TRY IT:
Nothing should appear in the answer except the lines below from the line containing "Owl perched atop" through the line containing "Joghurtos indiai csirkecomb", copied exactly, with pictures left out.

MATERIAL FOR THIS EXERCISE:
=== Section Start ===

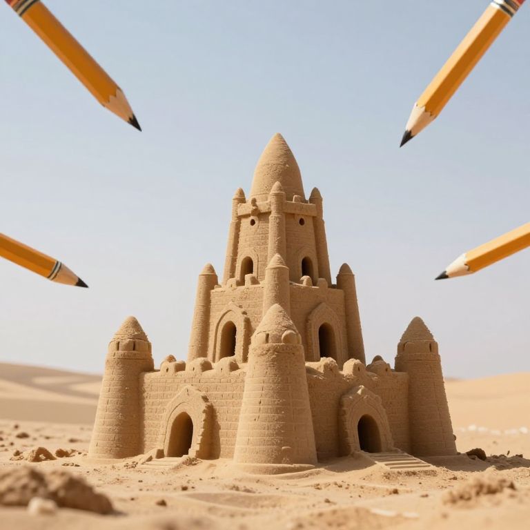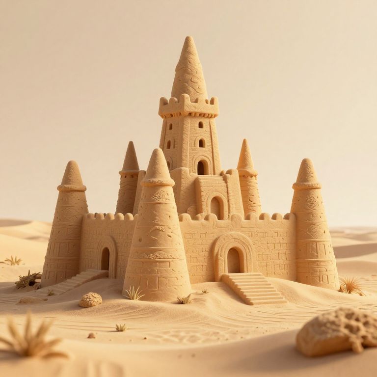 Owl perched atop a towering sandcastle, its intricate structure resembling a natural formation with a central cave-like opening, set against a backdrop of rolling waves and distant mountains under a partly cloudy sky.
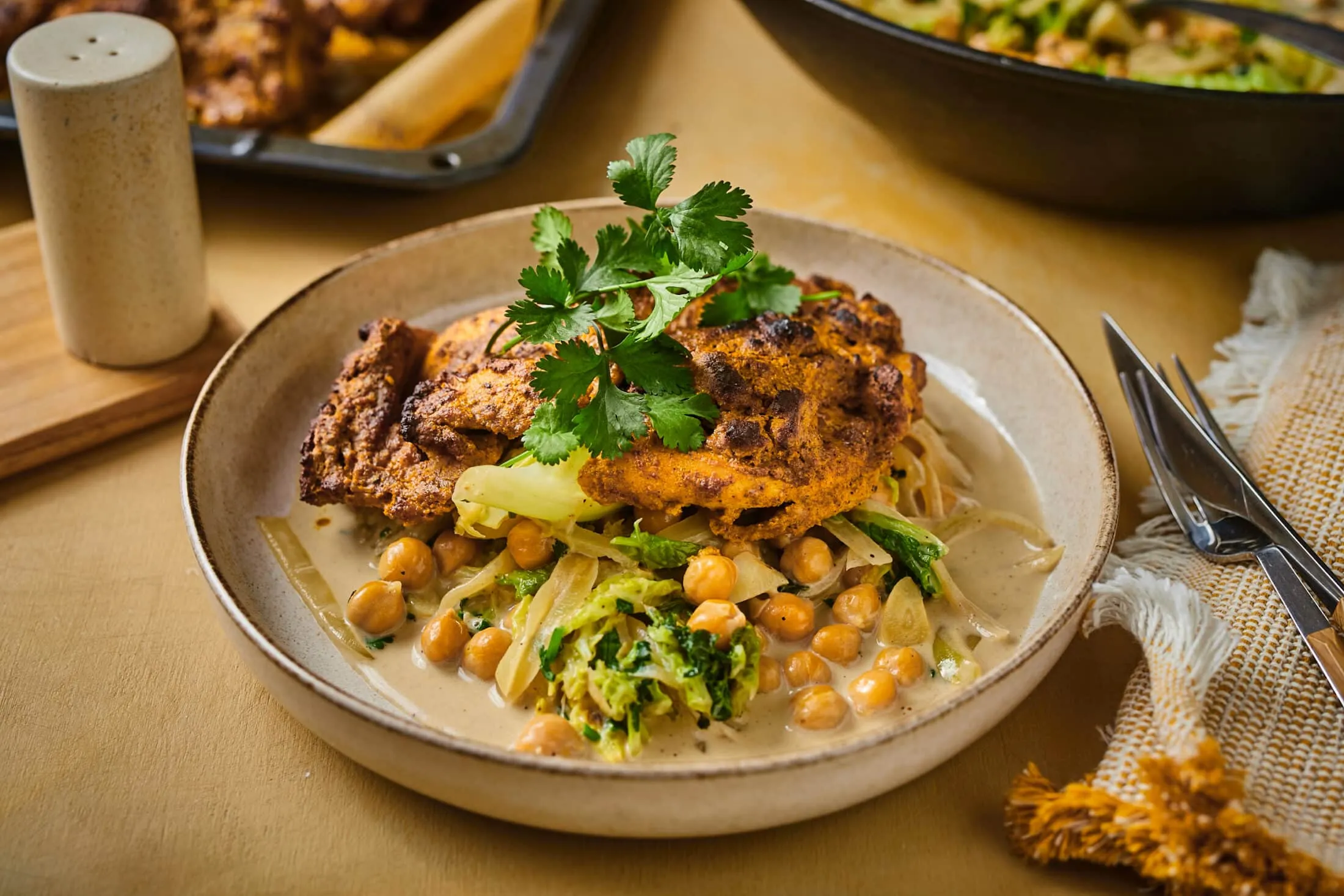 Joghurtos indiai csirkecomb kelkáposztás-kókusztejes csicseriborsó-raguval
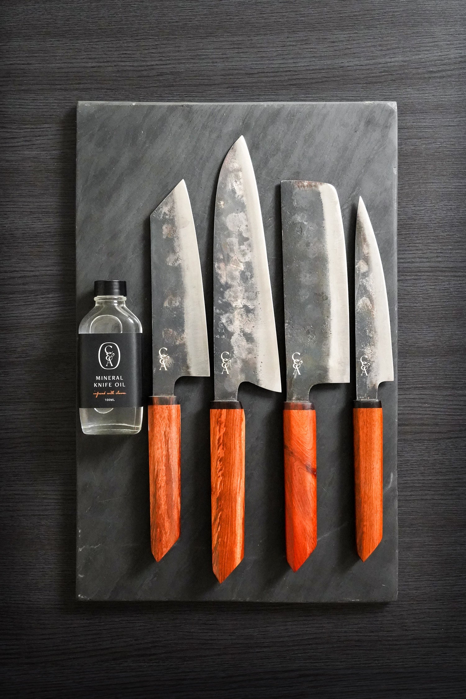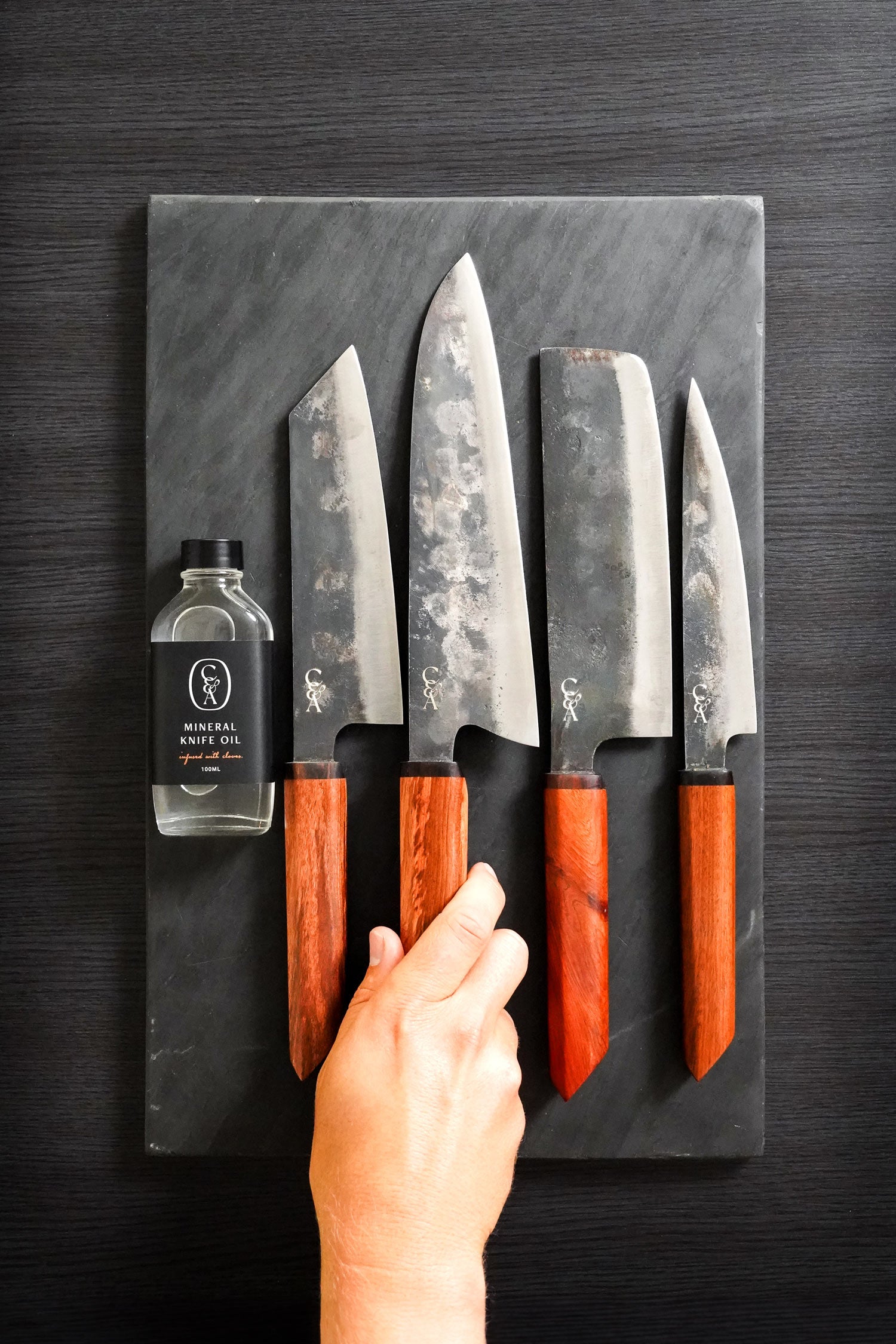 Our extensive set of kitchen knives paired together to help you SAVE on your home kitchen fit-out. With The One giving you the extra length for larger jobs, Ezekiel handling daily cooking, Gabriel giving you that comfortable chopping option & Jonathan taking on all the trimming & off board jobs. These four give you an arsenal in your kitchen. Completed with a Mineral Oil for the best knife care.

=== Section End ===
=== Section Start ===

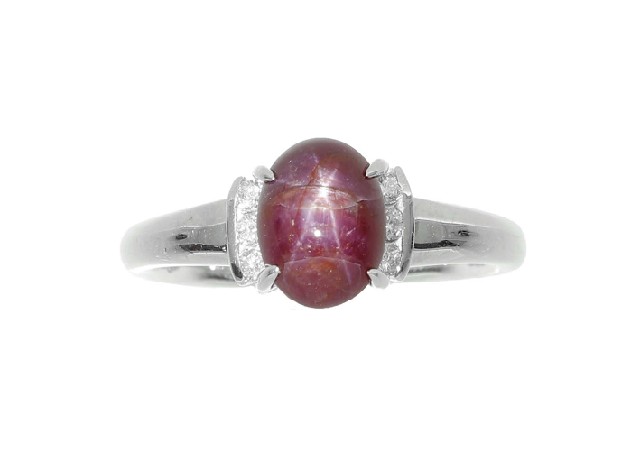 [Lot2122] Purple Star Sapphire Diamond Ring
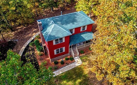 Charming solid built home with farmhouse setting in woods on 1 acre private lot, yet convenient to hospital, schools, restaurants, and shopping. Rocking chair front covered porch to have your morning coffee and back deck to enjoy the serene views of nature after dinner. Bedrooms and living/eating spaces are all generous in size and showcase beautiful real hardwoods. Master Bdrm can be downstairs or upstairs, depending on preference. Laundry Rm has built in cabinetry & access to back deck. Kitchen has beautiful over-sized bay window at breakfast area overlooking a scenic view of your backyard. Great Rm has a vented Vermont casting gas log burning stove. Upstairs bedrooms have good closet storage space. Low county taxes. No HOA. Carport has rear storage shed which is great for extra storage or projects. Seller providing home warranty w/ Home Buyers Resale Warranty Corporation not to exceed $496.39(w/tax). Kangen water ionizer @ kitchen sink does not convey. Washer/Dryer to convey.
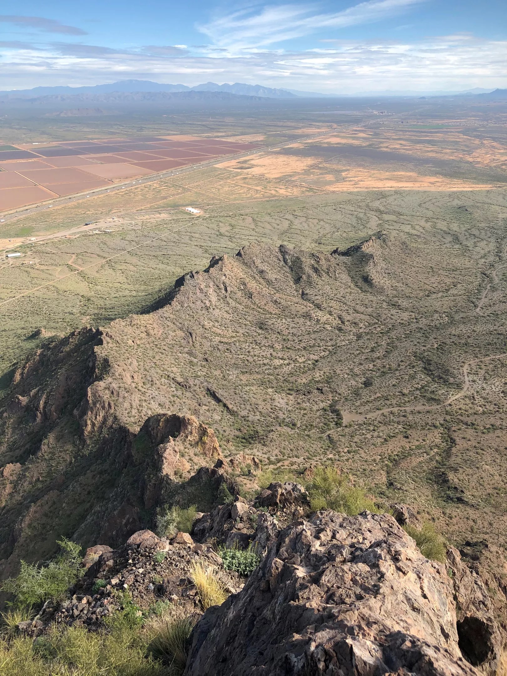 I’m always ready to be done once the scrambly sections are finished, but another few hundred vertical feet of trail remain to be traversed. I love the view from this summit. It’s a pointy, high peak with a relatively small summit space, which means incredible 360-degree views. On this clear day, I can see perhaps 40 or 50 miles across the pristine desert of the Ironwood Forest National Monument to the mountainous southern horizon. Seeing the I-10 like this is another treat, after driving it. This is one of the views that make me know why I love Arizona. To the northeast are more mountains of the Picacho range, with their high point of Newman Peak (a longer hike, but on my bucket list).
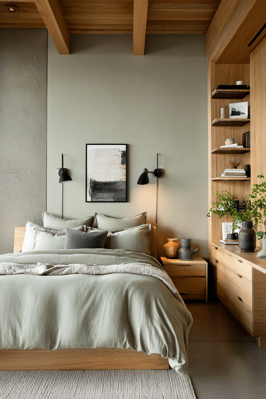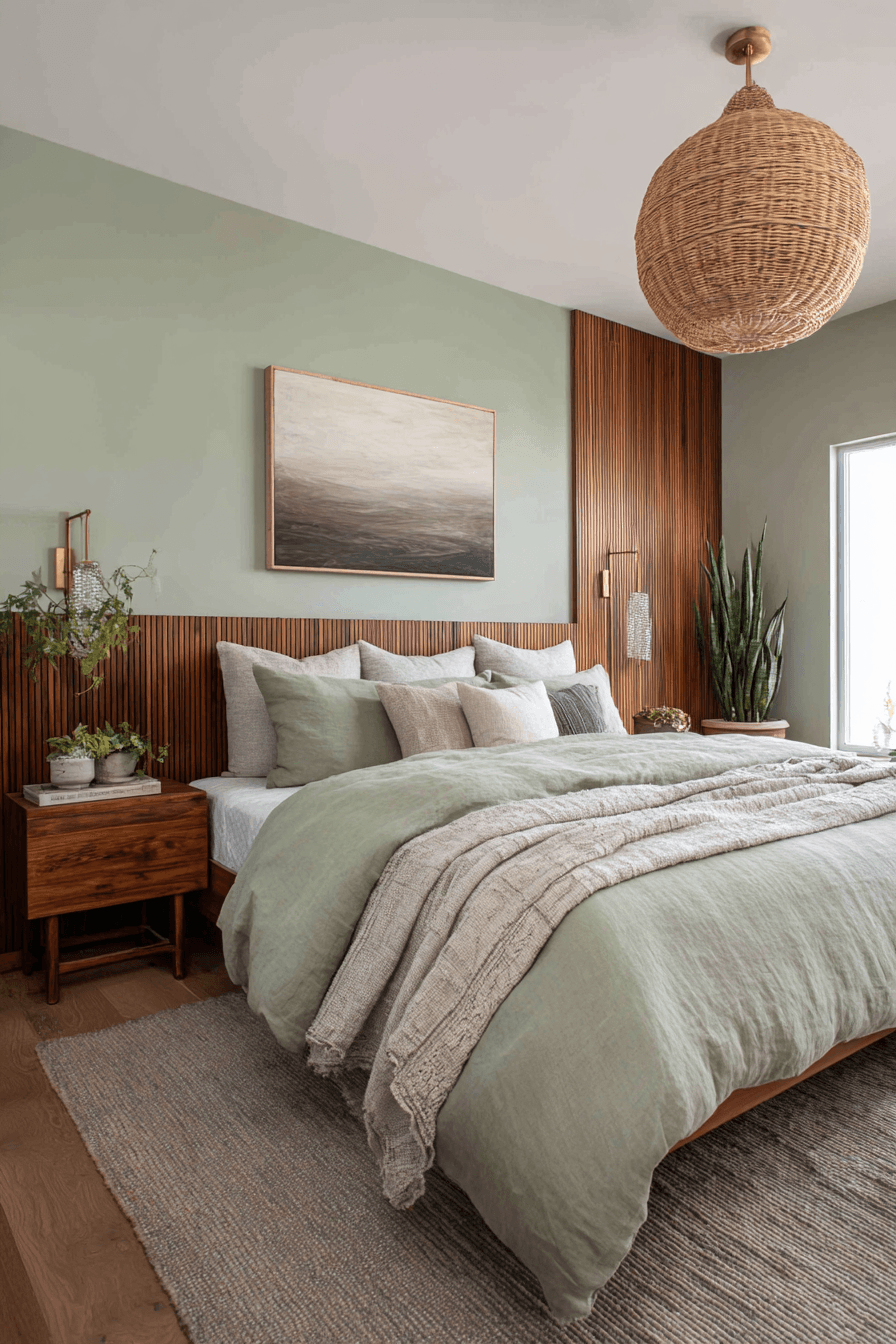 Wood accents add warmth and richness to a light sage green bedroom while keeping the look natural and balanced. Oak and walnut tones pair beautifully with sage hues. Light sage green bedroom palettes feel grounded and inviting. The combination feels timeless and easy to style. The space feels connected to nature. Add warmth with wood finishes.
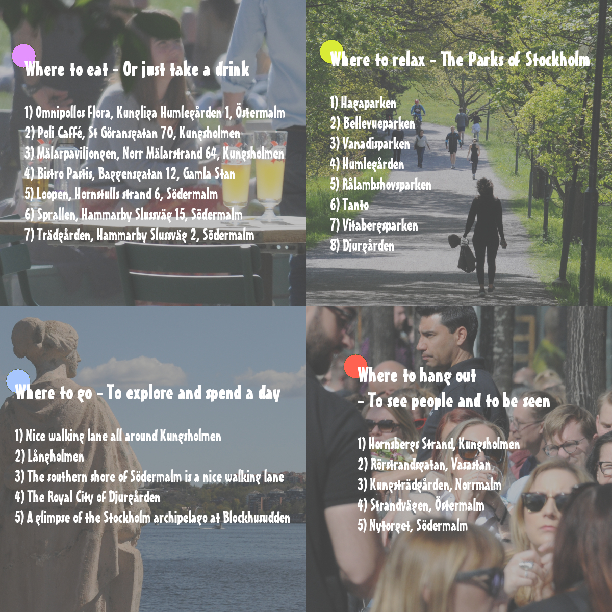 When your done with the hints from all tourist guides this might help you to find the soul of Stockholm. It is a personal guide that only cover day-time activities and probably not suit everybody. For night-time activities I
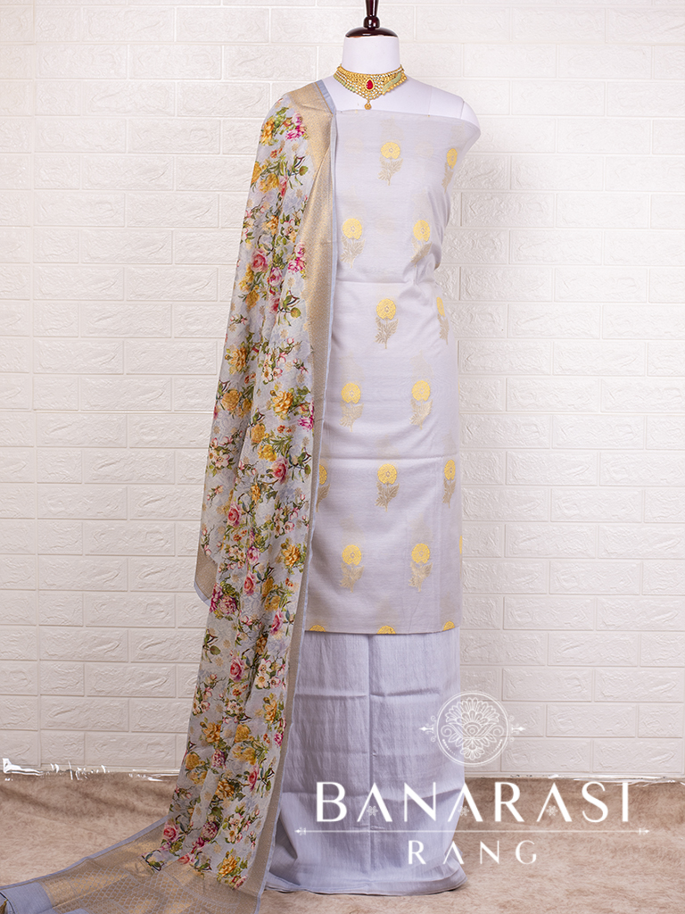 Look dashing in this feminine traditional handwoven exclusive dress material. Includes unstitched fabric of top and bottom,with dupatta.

=== Section End ===

ANSWER TO THE PROBLEM:
 Owl perched atop a towering sandcastle, its intricate structure resembling a natural formation with a central cave-like opening, set against a backdrop of rolling waves and distant mountains under a partly cloudy sky.
 Joghurtos indiai csirkecomb kelkáposztás-kókusztejes csicseriborsó-raguval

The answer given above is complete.